* Work required *
Since the records include pictures, leave those out while you reproduce exactly and only the lines from the one containing "(1) Arnim, gegen" through the one containing "Mais, plutôt que", inclusive.

* Input for this task *
****************
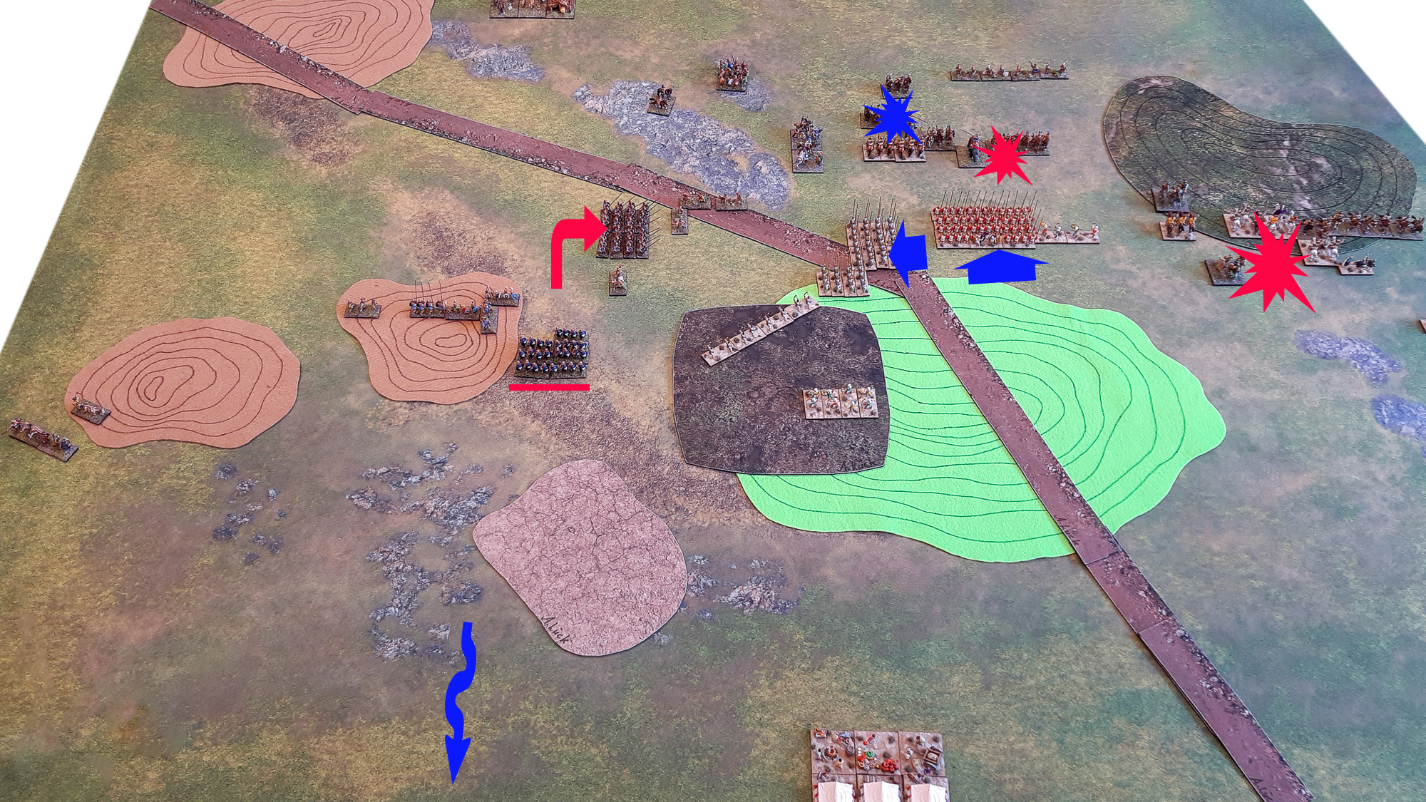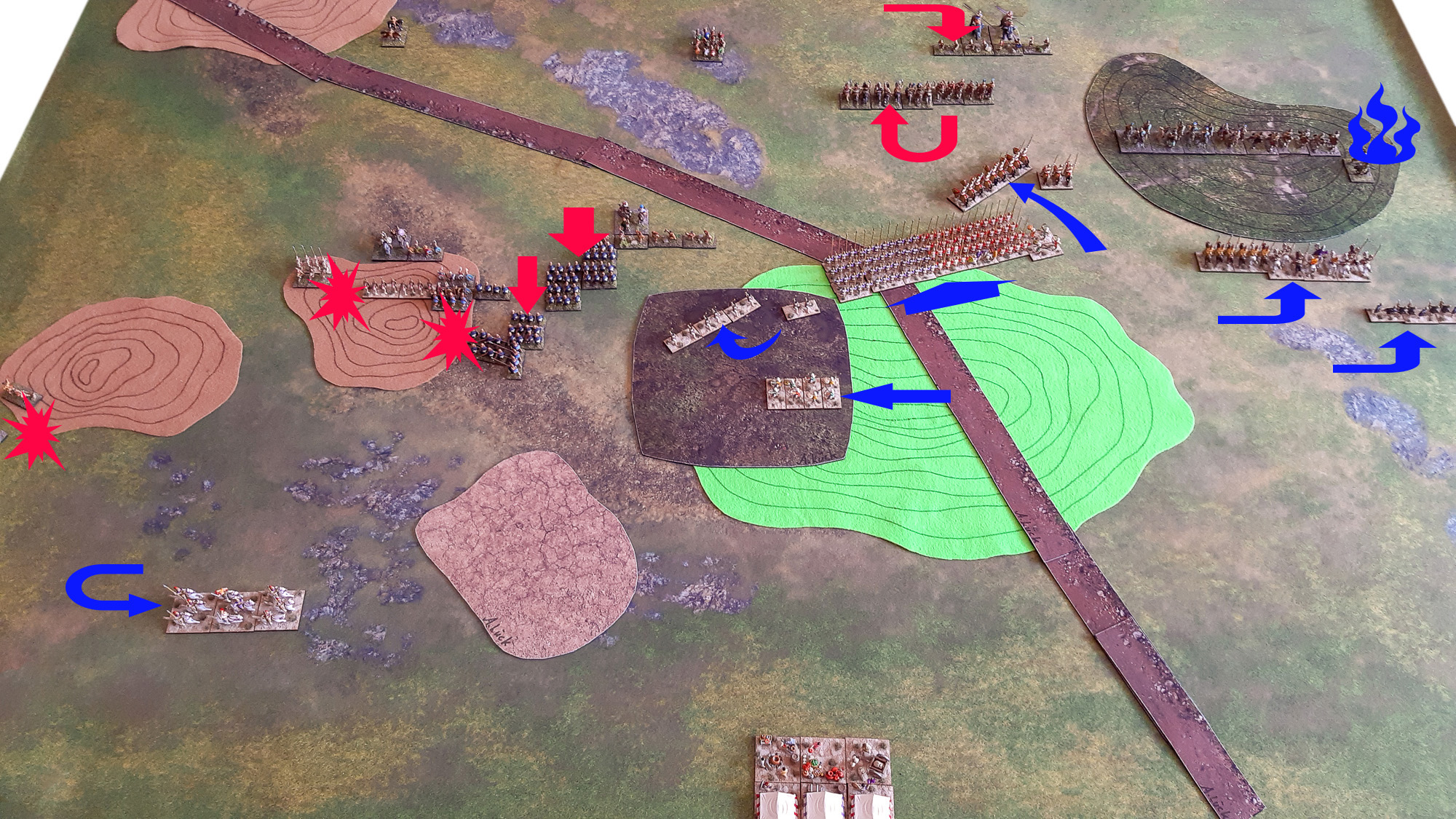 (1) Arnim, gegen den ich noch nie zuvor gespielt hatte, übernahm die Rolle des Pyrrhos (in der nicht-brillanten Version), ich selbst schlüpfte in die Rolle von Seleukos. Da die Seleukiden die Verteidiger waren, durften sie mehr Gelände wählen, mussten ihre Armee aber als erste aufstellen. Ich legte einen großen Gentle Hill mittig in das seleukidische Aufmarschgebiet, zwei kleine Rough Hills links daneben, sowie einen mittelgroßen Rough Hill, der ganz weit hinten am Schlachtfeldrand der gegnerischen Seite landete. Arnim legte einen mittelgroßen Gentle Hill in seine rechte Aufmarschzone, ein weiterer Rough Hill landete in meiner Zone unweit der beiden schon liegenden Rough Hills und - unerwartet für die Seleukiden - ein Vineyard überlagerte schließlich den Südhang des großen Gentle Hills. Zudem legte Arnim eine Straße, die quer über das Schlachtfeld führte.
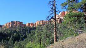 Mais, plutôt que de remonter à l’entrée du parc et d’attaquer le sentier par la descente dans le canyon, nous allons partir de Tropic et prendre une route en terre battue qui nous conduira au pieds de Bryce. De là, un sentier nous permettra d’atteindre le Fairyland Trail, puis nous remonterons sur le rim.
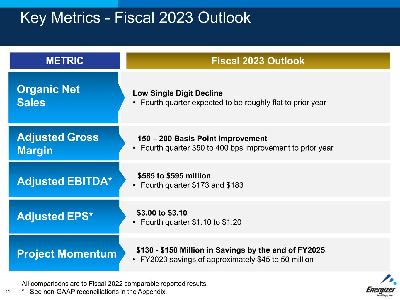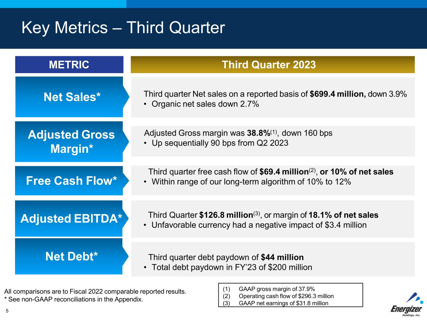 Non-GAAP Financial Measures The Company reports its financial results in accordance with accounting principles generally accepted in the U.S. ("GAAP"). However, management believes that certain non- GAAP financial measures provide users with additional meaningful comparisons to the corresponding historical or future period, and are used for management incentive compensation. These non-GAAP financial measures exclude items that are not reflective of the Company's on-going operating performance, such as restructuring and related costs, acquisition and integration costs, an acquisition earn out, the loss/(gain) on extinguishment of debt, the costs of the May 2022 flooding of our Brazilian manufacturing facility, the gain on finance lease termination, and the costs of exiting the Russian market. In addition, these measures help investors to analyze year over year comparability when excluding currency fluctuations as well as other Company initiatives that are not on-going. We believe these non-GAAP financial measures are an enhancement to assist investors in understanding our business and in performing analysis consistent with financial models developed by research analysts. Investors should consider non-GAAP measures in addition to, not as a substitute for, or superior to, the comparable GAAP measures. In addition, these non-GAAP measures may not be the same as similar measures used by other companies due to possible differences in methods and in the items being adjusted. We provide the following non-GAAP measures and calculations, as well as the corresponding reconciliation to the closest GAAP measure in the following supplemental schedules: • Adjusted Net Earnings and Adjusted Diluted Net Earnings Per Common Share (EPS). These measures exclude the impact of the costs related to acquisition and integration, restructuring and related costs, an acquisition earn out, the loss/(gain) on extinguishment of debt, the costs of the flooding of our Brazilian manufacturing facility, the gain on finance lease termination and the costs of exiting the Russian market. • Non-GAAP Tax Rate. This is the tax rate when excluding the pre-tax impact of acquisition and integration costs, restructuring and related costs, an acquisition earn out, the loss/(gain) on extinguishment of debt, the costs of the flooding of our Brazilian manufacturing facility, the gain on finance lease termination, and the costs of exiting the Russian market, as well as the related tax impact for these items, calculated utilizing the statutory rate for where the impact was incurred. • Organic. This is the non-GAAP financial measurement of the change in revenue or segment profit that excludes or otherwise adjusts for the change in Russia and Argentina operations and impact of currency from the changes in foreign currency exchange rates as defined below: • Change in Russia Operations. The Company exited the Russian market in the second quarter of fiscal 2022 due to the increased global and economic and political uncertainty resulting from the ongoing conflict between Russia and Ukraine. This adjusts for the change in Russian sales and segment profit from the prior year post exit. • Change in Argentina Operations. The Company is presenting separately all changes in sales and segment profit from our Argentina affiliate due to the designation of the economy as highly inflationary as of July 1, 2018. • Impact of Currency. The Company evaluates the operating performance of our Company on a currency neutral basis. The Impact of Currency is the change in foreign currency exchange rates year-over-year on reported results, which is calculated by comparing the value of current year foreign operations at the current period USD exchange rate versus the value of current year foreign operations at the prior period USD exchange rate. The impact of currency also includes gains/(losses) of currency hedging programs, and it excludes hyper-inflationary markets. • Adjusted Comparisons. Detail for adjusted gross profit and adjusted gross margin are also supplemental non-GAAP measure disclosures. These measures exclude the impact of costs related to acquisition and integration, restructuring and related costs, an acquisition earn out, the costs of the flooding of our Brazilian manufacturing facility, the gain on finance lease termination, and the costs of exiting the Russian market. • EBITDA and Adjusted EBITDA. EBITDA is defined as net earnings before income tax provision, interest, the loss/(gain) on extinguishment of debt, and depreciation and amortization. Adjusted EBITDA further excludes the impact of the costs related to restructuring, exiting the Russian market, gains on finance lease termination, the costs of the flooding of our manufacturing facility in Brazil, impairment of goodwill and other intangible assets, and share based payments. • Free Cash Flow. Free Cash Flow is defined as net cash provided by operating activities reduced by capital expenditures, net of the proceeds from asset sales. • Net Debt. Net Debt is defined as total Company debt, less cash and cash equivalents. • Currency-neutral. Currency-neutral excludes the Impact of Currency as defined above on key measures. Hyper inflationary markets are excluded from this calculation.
****************
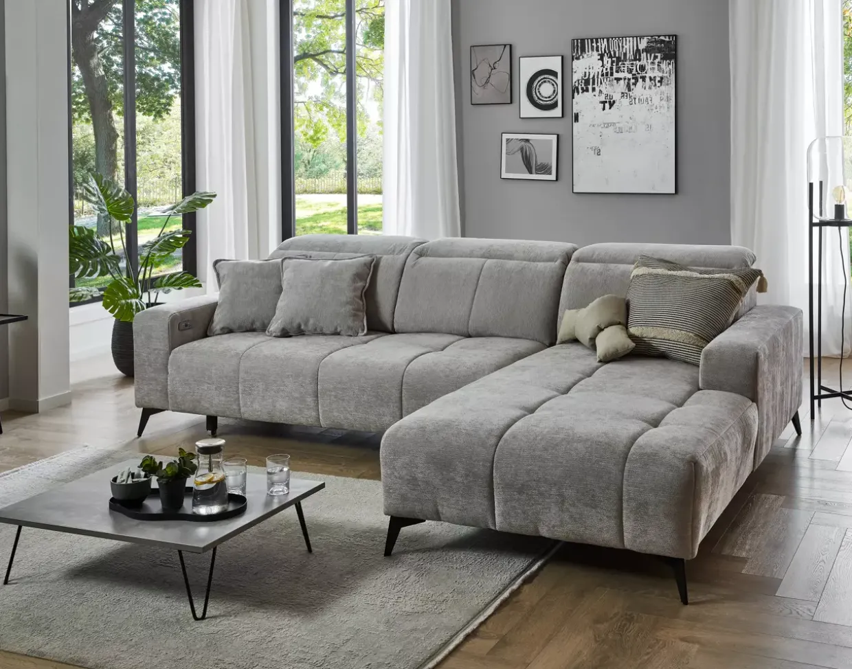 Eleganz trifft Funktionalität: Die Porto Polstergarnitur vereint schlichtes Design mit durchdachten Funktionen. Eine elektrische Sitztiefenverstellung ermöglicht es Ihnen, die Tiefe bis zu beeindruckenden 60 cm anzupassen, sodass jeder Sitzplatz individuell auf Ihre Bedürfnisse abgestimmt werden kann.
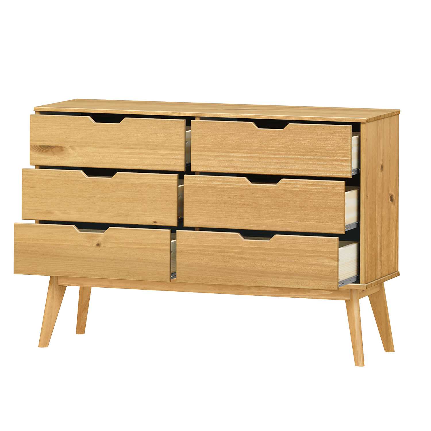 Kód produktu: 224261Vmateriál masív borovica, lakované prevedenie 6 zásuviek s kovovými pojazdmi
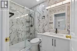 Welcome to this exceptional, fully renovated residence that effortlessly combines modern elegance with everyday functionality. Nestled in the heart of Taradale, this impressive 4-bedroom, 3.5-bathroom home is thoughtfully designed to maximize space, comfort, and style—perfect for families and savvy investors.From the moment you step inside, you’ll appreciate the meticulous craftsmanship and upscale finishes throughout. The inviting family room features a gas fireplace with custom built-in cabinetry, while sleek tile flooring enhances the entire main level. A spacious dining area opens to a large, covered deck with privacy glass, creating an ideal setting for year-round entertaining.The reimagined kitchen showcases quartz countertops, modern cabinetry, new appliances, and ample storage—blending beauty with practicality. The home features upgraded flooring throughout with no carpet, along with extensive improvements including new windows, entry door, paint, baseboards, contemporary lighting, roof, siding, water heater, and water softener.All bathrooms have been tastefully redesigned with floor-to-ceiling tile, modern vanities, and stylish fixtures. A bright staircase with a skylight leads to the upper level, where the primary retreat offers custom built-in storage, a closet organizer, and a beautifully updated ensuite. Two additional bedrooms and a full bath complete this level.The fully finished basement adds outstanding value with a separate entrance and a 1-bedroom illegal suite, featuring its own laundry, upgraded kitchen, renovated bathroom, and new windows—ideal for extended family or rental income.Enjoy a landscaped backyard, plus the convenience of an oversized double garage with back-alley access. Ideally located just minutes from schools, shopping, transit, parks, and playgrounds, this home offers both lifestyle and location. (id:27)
****************
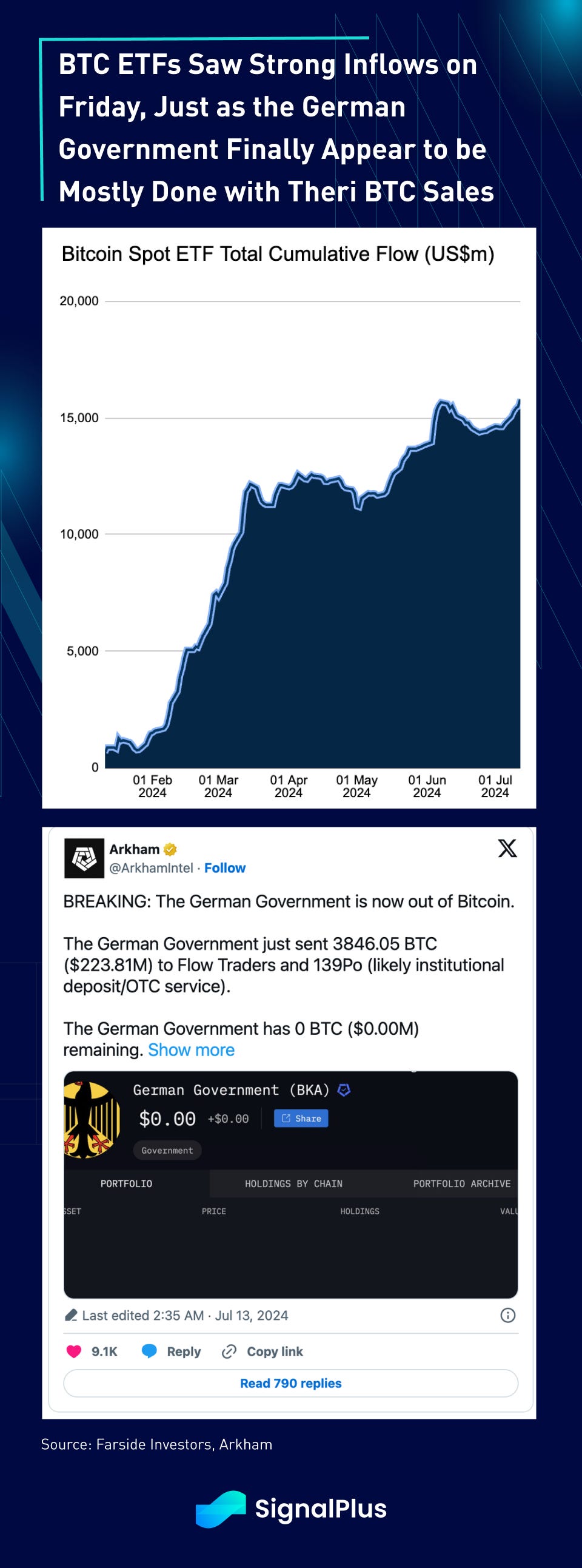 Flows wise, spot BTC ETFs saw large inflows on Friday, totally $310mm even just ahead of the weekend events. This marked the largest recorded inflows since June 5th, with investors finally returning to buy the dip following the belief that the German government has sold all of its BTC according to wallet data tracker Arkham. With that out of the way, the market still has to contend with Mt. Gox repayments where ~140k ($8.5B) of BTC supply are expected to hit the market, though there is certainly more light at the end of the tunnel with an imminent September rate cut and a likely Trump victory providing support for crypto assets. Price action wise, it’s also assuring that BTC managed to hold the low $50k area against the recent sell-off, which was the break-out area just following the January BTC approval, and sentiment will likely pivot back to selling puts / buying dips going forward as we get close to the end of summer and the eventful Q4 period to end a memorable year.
****************
* Finished exercise *
 (1) Arnim, gegen den ich noch nie zuvor gespielt hatte, übernahm die Rolle des Pyrrhos (in der nicht-brillanten Version), ich selbst schlüpfte in die Rolle von Seleukos. Da die Seleukiden die Verteidiger waren, durften sie mehr Gelände wählen, mussten ihre Armee aber als erste aufstellen. Ich legte einen großen Gentle Hill mittig in das seleukidische Aufmarschgebiet, zwei kleine Rough Hills links daneben, sowie einen mittelgroßen Rough Hill, der ganz weit hinten am Schlachtfeldrand der gegnerischen Seite landete. Arnim legte einen mittelgroßen Gentle Hill in seine rechte Aufmarschzone, ein weiterer Rough Hill landete in meiner Zone unweit der beiden schon liegenden Rough Hills und - unerwartet für die Seleukiden - ein Vineyard überlagerte schließlich den Südhang des großen Gentle Hills. Zudem legte Arnim eine Straße, die quer über das Schlachtfeld führte.
 Mais, plutôt que de remonter à l’entrée du parc et d’attaquer le sentier par la descente dans le canyon, nous allons partir de Tropic et prendre une route en terre battue qui nous conduira au pieds de Bryce. De là, un sentier nous permettra d’atteindre le Fairyland Trail, puis nous remonterons sur le rim.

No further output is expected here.